● **Assignment**
Return all entries word for word, but drop any images.

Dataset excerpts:
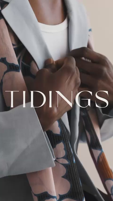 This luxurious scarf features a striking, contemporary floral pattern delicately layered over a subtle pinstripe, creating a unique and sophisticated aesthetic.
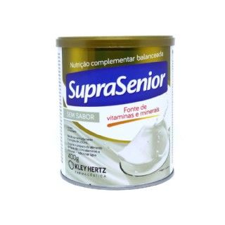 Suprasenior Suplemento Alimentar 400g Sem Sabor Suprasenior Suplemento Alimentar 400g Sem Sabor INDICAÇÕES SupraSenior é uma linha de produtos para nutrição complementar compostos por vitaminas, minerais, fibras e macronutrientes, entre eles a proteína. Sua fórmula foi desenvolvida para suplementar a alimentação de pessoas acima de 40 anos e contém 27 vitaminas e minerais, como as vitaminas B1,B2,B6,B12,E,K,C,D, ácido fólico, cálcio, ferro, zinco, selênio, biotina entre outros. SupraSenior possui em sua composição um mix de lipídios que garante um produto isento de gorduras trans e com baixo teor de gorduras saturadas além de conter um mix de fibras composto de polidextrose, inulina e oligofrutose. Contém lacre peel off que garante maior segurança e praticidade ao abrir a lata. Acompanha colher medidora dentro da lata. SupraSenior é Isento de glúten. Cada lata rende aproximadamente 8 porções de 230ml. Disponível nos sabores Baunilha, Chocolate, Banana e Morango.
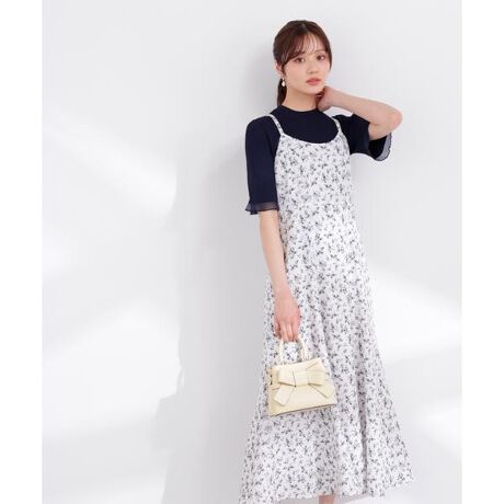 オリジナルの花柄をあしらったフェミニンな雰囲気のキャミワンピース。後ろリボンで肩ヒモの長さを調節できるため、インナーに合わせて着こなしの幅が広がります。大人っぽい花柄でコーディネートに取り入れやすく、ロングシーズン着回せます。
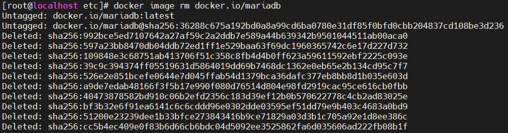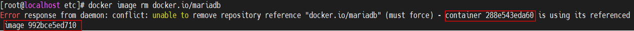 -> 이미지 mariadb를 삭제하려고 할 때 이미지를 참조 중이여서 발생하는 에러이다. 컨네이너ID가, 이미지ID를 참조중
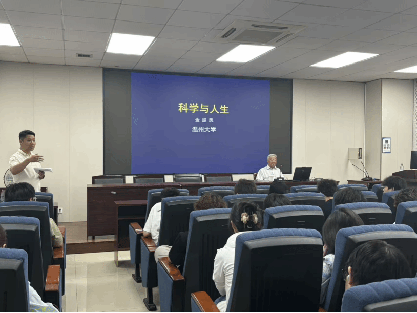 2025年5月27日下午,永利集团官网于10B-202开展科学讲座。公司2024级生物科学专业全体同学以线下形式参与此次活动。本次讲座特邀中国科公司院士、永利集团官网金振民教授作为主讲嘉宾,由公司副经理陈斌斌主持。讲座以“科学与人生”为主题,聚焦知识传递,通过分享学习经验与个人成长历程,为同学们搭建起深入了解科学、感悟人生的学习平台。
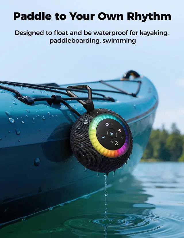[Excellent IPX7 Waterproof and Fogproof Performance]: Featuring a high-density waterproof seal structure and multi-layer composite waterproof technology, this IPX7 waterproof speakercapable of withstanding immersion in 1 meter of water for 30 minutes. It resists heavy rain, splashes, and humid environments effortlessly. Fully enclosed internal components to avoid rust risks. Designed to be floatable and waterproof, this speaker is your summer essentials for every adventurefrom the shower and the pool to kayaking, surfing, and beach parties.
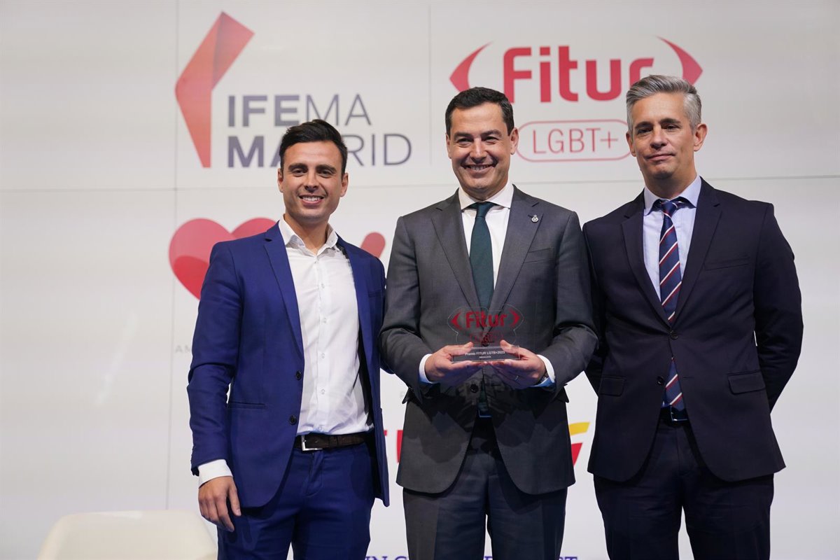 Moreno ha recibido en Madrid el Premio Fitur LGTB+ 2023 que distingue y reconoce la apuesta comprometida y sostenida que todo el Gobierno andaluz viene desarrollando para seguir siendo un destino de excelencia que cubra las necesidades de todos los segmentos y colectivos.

● **Task answer**
 This luxurious scarf features a striking, contemporary floral pattern delicately layered over a subtle pinstripe, creating a unique and sophisticated aesthetic.
 Suprasenior Suplemento Alimentar 400g Sem Sabor Suprasenior Suplemento Alimentar 400g Sem Sabor INDICAÇÕES SupraSenior é uma linha de produtos para nutrição complementar compostos por vitaminas, minerais, fibras e macronutrientes, entre eles a proteína. Sua fórmula foi desenvolvida para suplementar a alimentação de pessoas acima de 40 anos e contém 27 vitaminas e minerais, como as vitaminas B1,B2,B6,B12,E,K,C,D, ácido fólico, cálcio, ferro, zinco, selênio, biotina entre outros. SupraSenior possui em sua composição um mix de lipídios que garante um produto isento de gorduras trans e com baixo teor de gorduras saturadas além de conter um mix de fibras composto de polidextrose, inulina e oligofrutose. Contém lacre peel off que garante maior segurança e praticidade ao abrir a lata. Acompanha colher medidora dentro da lata. SupraSenior é Isento de glúten. Cada lata rende aproximadamente 8 porções de 230ml. Disponível nos sabores Baunilha, Chocolate, Banana e Morango.
 オリジナルの花柄をあしらったフェミニンな雰囲気のキャミワンピース。後ろリボンで肩ヒモの長さを調節できるため、インナーに合わせて着こなしの幅が広がります。大人っぽい花柄でコーディネートに取り入れやすく、ロングシーズン着回せます。
 -> 이미지 mariadb를 삭제하려고 할 때 이미지를 참조 중이여서 발생하는 에러이다. 컨네이너ID가, 이미지ID를 참조중
 2025年5月27日下午,永利集团官网于10B-202开展科学讲座。公司2024级生物科学专业全体同学以线下形式参与此次活动。本次讲座特邀中国科公司院士、永利集团官网金振民教授作为主讲嘉宾,由公司副经理陈斌斌主持。讲座以“科学与人生”为主题,聚焦知识传递,通过分享学习经验与个人成长历程,为同学们搭建起深入了解科学、感悟人生的学习平台。
[Excellent IPX7 Waterproof and Fogproof Performance]: Featuring a high-density waterproof seal structure and multi-layer composite waterproof technology, this IPX7 waterproof speakercapable of withstanding immersion in 1 meter of water for 30 minutes. It resists heavy rain, splashes, and humid environments effortlessly. Fully enclosed internal components to avoid rust risks. Designed to be floatable and waterproof, this speaker is your summer essentials for every adventurefrom the shower and the pool to kayaking, surfing, and beach parties.
 Moreno ha recibido en Madrid el Premio Fitur LGTB+ 2023 que distingue y reconoce la apuesta comprometida y sostenida que todo el Gobierno andaluz viene desarrollando para seguir siendo un destino de excelencia que cubra las necesidades de todos los segmentos y colectivos.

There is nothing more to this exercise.